I've been procrastinating like a lazy thing with my round-up of things I have enjoyed most at the theatre this year. My old format of picking one winner per category left a lot of wonderful things unsung, and my attempts to come up with a top 5/10/15/25 list are better left uninvestigated. Seeing as choosing a format for praising theatrical excellence was proving such a trial, I ultimately decided to ignore formatting all together and just get on with it. As things currently stand, there'll be five posts in the end: plays I have loved, musicals I have loved, Shakespeares I have loved, performers I have loved, and creatives I have loved. So if you want to check out the twelve plays I have loved the most this year, read on:


12) The Wild Bride (Lyric Hammersmith)
I'm a bit late to the Kneehigh party and wasn't quite sure about them after The Umbrellas of Cherbourg, but ultimately I was totally won over by this production. I loved the way music, movement, humour, and sheer creativity all wove together to tell this bizarre Hungarian folktale. I was also especially pleased with the presence of a ukulele and a banjo.

11) Frankenstein (National; Olivier)
The script was abominable. Some of the supporting performances were only fractionally better. But the leading performances were stupendous, the music was incredible, the lighting nearly blew my mind, and the rest of the production wasn't bad either. As a play, this may not have been a success, but as an experience, it's going to stay with me for a long time.

10) Doctor Faustus (Shakespeare's Globe)
It seems that being terrifically entertained by poorly-written dramas was a theme for me this year. I know this one wasn't everyone's cup of tea, but some great performances combined with nifty direction from Matthew Dunster made this one of the more giddily enjoyable shows I saw this year.

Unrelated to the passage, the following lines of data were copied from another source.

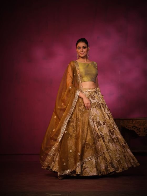 Golden Brown Printed Lehanga
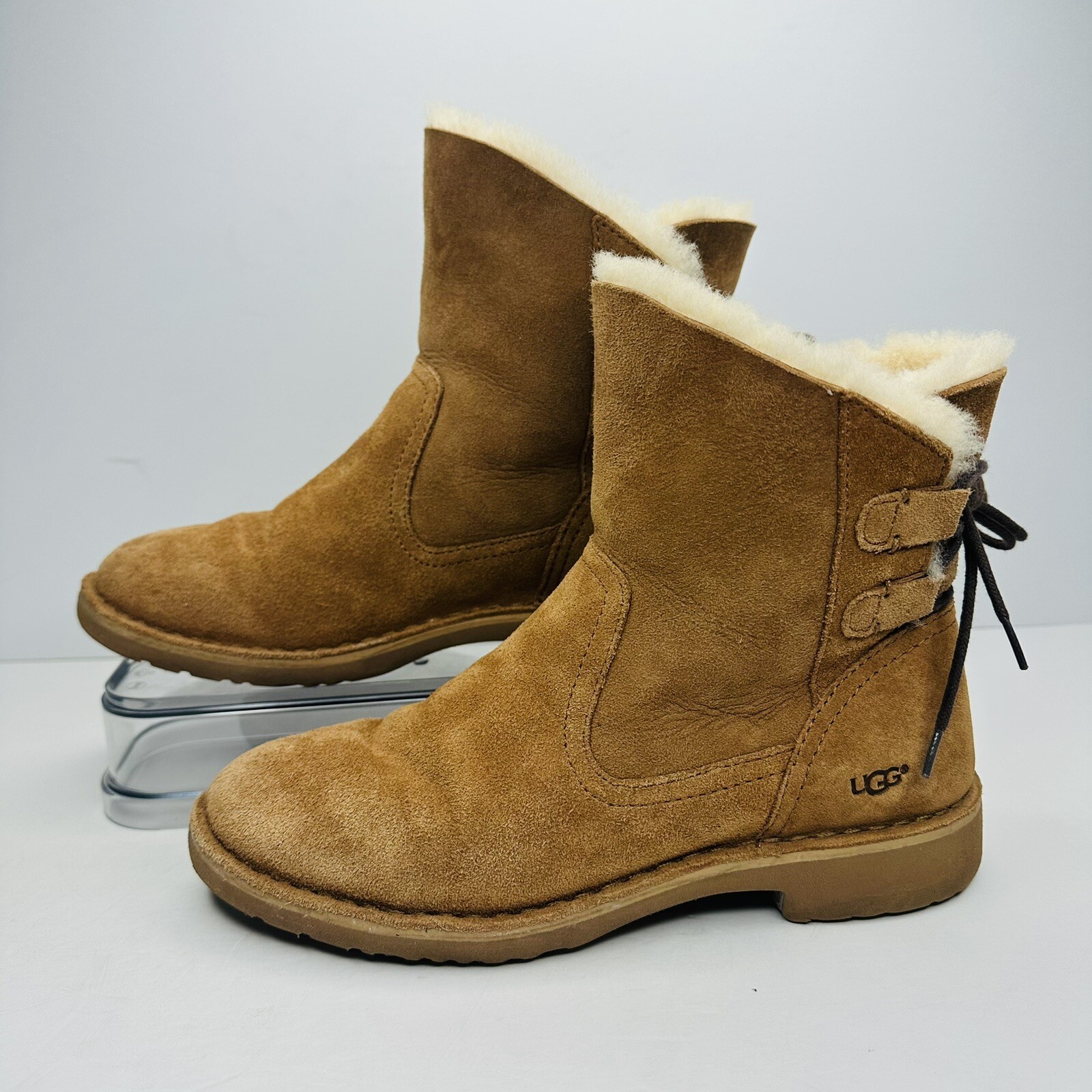 Ugg Naiyah Back Lace Shearling Boots Womens Size 7 Brown Suede Boots 1020144. Great used condition. See pictures for details.
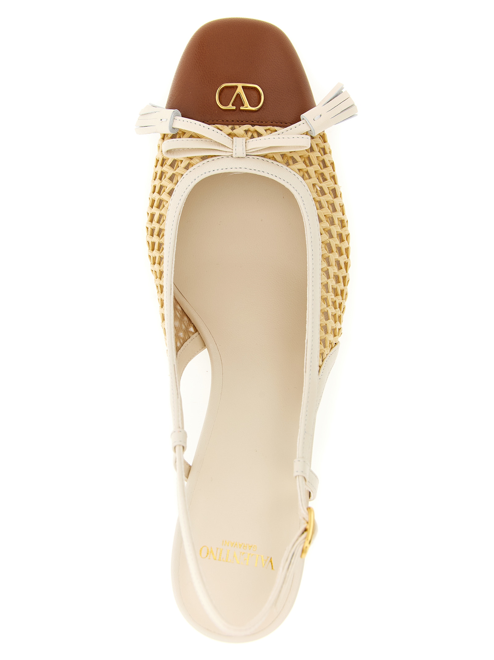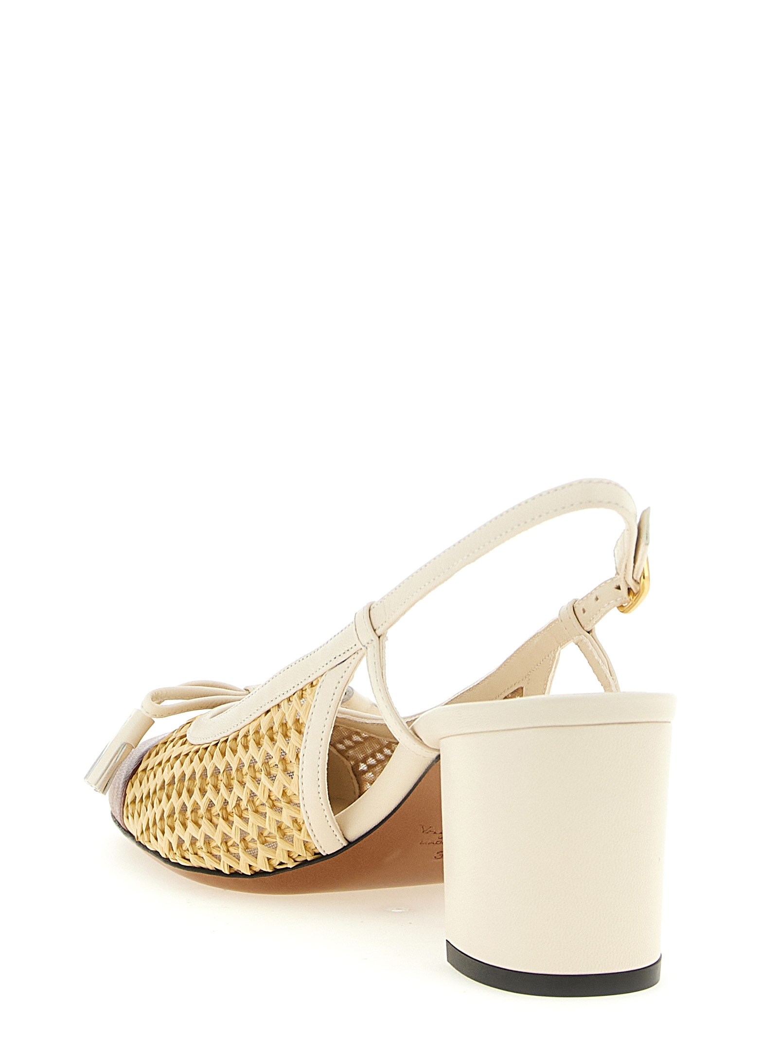 ‘Valet Du Roi’ mesh slingbacks covered with woven raffia and kid leather, square toe contrast with antiqued metallic ‘VLogo Signature’ and bow with front tassels, adjustable strap, wide heel, leather sole.
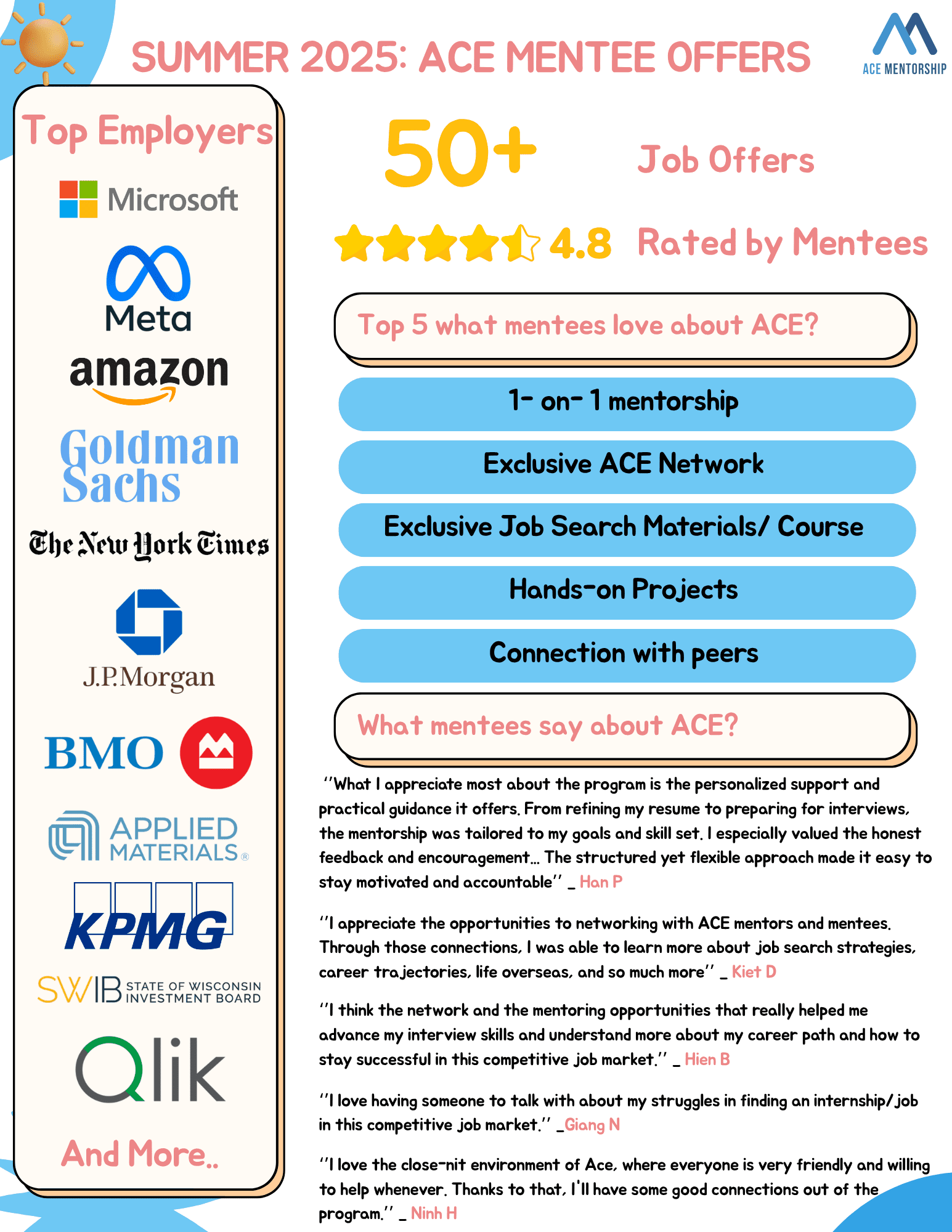 Tại ACE Mentorship, chúng tôi luôn mang trong mình tinh thần “Pay it forward” – hỗ trợ thế hệ trẻ Việt Nam vươn xa hơn trong hành trình du học và phát triển sự nghiệp toàn cầu.
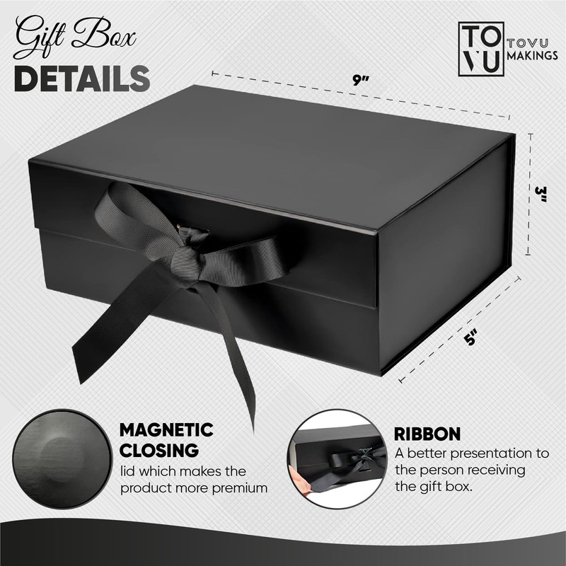 TOVU Makings | 9 x 5 x 3 in. black gift box | black gift boxes | gift boxes with lids | bridesmaid proposal box | black box | gift boxes for presents | large gift box | bridesmaid box | small box

9) Emperor and Galilean (National; Olivier)
There is something terrifying about the thought of an English language premiere of Ibsen's longest play, but a suitably trimmed down version scribed by Ben Power and directed by Jonathan Kent was presented and turned out to be something of a success. This was thanks in large part to the electrifyingly thrilling central presence of Andrew Scott in the lead role of Julian, but also to the strong supporting cast (for me, namely John Heffernan and Jamie Ballard) and the Olivier-filling design.

8) Jumpy (Royal Court)
A genuinely funny comedy about well-rounded female characters? Perfect! Well, okay, not perfect, considering the male characters were somewhat underwritten and some of the plot points required just a little too much suspension of disbelief, but as flaws go, I find these strangely easy to overlook. Keep your eyes peeled in case rumours of a West End transfer for 2012 prove true.

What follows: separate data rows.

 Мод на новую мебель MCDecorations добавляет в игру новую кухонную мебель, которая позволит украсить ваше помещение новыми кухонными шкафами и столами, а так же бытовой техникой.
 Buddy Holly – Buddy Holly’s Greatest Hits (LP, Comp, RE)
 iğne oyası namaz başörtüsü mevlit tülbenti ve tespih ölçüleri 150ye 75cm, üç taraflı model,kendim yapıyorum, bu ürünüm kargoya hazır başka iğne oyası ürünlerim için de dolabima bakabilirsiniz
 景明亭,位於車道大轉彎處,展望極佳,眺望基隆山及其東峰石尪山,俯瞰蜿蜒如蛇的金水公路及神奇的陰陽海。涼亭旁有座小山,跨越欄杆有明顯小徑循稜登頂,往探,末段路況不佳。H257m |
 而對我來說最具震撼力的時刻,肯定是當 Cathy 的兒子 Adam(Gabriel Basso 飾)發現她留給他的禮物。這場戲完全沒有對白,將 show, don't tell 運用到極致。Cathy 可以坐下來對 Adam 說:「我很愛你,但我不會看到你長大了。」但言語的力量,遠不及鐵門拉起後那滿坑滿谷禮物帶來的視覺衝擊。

7) The Heart of Robin Hood (Royal Shakespeare Theatre)
I wasn't planning on seeing this one, but some strong word-of-mouth came from a trusted friend, and she was right. Borkur Jonsson has proven beyond a shadow of a doubt that you most certainly can have brilliant designs for a thrust stage, and the RSC have once again produced a terrifically entertaining family show for Christmas.

6) Anna Christie (Donmar Warehouse)
Once again, the Donmar has produced a revival of an American classic that was tightly directed, thrillingly performed, brilliantly designed, and well worth any anguish involved in acquiring tickets. And oh how I associate this play with personal anguish...

5) Double Feature 1 (National; Paintframe)
Actually a double feature (which I understand may come as a surprise considering the title), both of these one-act plays were excellent. Edgar and Annabel was compelling, intriguing, and surprisingly funny, while The Swan was on the whole emotionally devastating. Both plays were performed to an incredibly high standard, and it was a real treat to not only see a usually-hidden part of the National complex, but also watch the stage crew giving the entire performance area a complete make-over during the interval.

4) Mogadishu (Lyric Hammersmith)
I believe I have already sung the praises of this play, but it really was tremendous. It's going on tour this spring, including a week at the Lyric, so if you didn't see it before, seize the opportunity to do so now.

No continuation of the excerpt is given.